Required work: For this exercise, output the entries below exactly from the line that holds "Накладной дверной шпингалет" to the line that holds "Кварц Мужчина Наручные", both ends included. No pictures belong in the copy.
Given records Start Marker
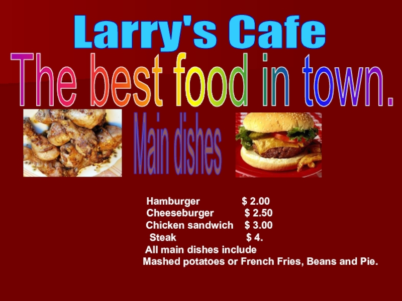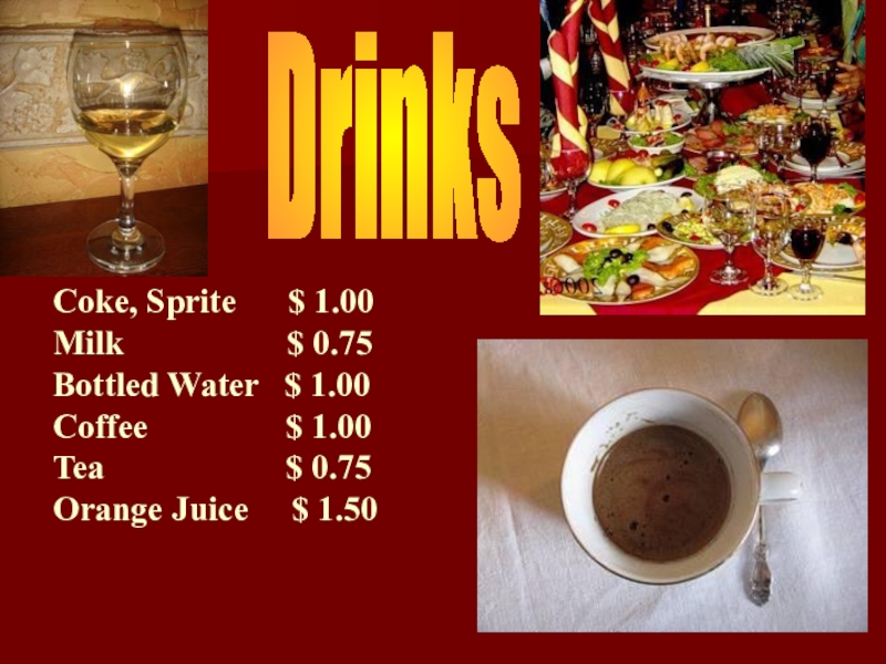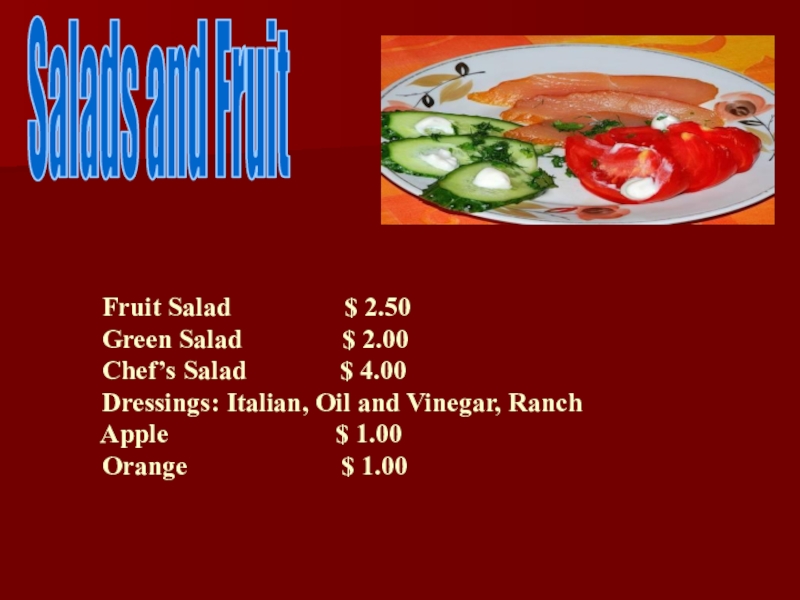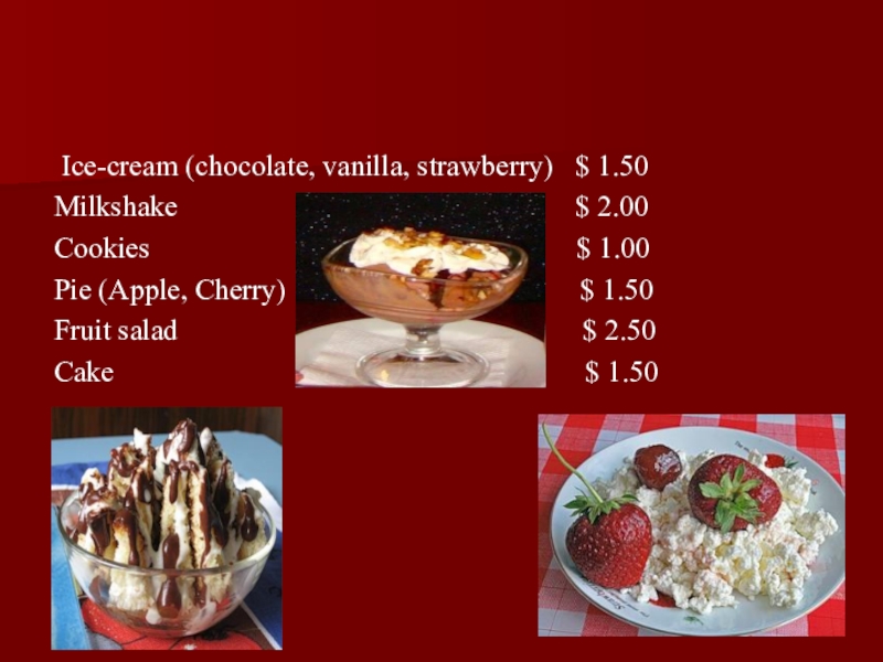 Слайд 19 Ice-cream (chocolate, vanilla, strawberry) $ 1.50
Given records End Marker
Given records Start Marker
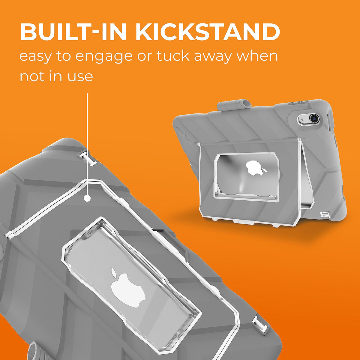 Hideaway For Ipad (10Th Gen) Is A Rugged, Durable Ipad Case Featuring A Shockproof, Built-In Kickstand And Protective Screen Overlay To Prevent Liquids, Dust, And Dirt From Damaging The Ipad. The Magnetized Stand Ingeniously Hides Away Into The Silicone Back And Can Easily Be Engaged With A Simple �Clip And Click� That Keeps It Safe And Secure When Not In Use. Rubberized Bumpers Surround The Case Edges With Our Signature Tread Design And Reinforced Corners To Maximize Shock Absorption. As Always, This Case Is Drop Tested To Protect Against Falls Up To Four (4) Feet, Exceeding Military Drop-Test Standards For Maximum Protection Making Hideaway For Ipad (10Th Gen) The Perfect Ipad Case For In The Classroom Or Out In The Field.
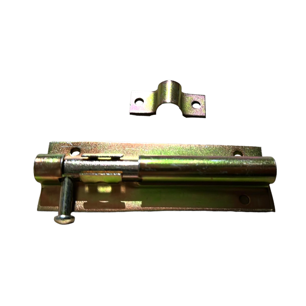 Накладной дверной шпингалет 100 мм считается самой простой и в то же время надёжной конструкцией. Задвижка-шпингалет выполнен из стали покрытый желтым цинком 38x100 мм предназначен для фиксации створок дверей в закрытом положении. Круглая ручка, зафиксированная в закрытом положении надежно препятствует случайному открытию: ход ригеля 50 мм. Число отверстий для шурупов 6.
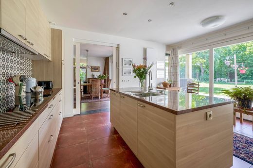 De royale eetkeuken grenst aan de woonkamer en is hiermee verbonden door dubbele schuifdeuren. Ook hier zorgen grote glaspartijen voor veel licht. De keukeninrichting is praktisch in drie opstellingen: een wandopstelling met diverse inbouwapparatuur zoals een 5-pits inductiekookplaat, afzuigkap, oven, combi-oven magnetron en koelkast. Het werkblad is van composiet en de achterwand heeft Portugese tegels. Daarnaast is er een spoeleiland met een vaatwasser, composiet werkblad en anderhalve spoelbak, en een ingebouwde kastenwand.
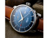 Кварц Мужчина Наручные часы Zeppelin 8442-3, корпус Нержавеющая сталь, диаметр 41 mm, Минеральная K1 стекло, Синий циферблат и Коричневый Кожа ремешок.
Given records End Marker
Given records Start Marker
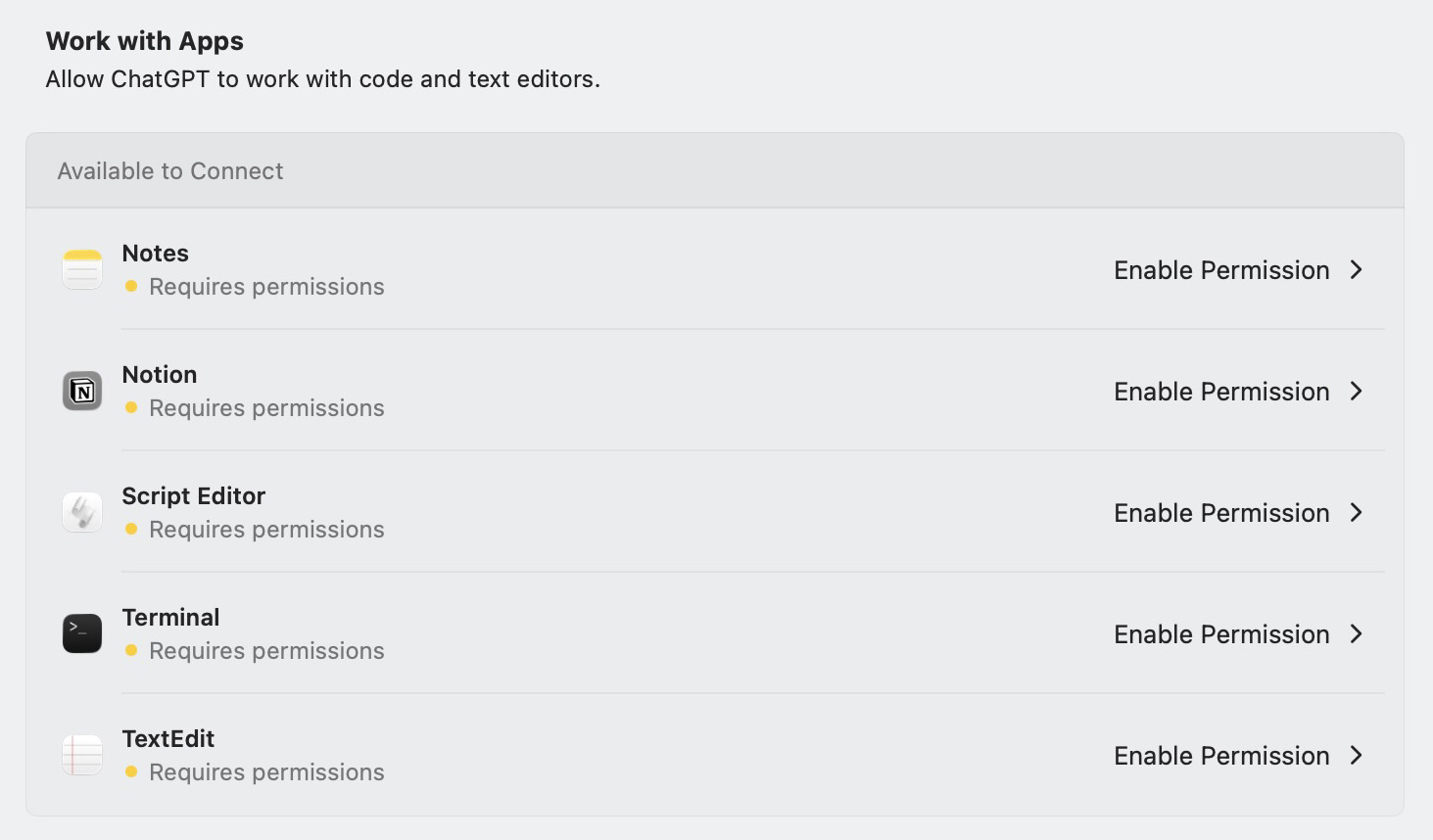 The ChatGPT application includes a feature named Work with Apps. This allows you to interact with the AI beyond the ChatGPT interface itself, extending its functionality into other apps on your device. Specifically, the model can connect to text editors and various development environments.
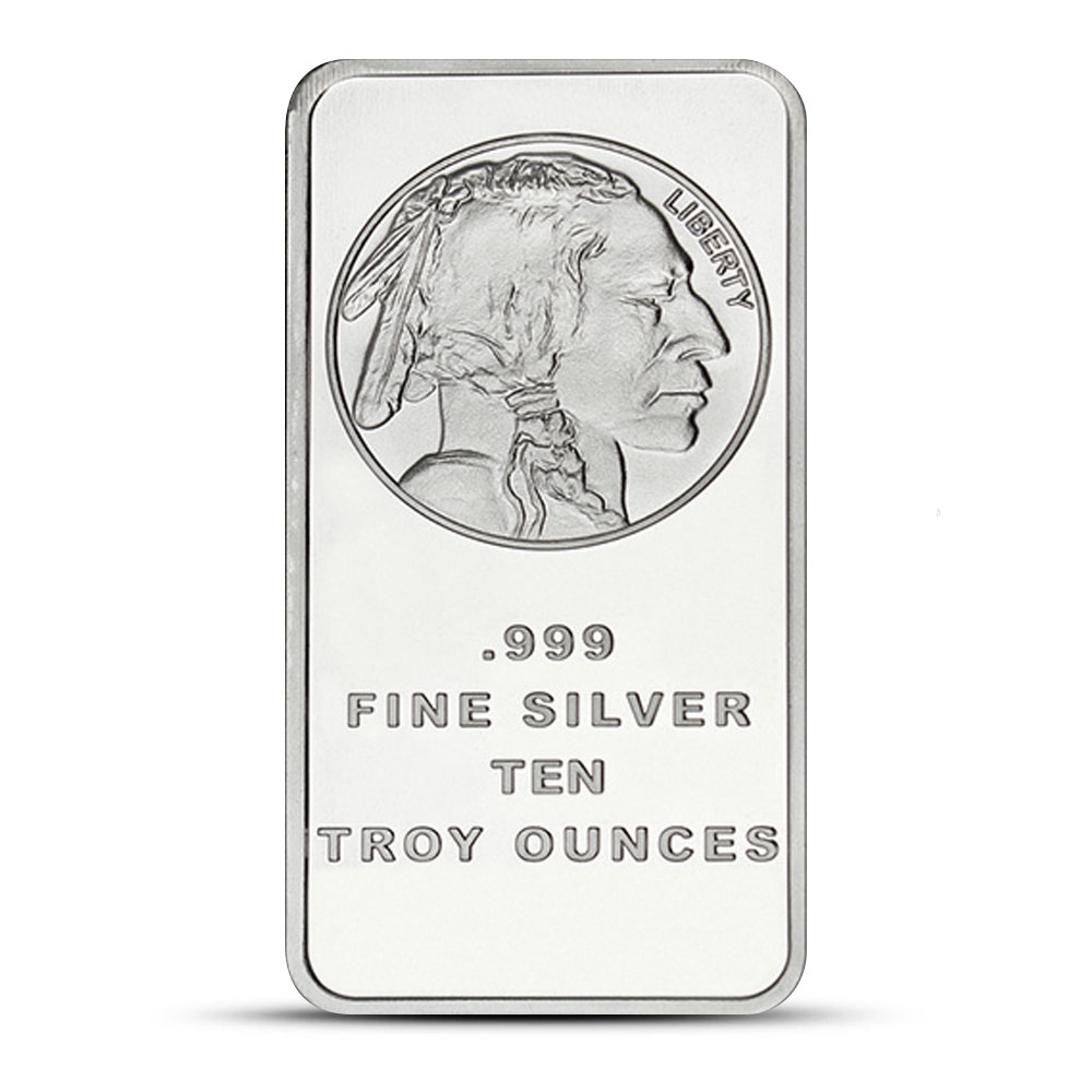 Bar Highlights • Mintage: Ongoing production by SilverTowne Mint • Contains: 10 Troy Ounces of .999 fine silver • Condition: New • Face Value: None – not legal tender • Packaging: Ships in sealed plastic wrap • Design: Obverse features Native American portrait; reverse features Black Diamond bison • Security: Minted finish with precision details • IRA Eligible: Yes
Given records End Marker
Exercise answer:
 Накладной дверной шпингалет 100 мм считается самой простой и в то же время надёжной конструкцией. Задвижка-шпингалет выполнен из стали покрытый желтым цинком 38x100 мм предназначен для фиксации створок дверей в закрытом положении. Круглая ручка, зафиксированная в закрытом положении надежно препятствует случайному открытию: ход ригеля 50 мм. Число отверстий для шурупов 6.
 De royale eetkeuken grenst aan de woonkamer en is hiermee verbonden door dubbele schuifdeuren. Ook hier zorgen grote glaspartijen voor veel licht. De keukeninrichting is praktisch in drie opstellingen: een wandopstelling met diverse inbouwapparatuur zoals een 5-pits inductiekookplaat, afzuigkap, oven, combi-oven magnetron en koelkast. Het werkblad is van composiet en de achterwand heeft Portugese tegels. Daarnaast is er een spoeleiland met een vaatwasser, composiet werkblad en anderhalve spoelbak, en een ingebouwde kastenwand.
 Кварц Мужчина Наручные часы Zeppelin 8442-3, корпус Нержавеющая сталь, диаметр 41 mm, Минеральная K1 стекло, Синий циферблат и Коричневый Кожа ремешок.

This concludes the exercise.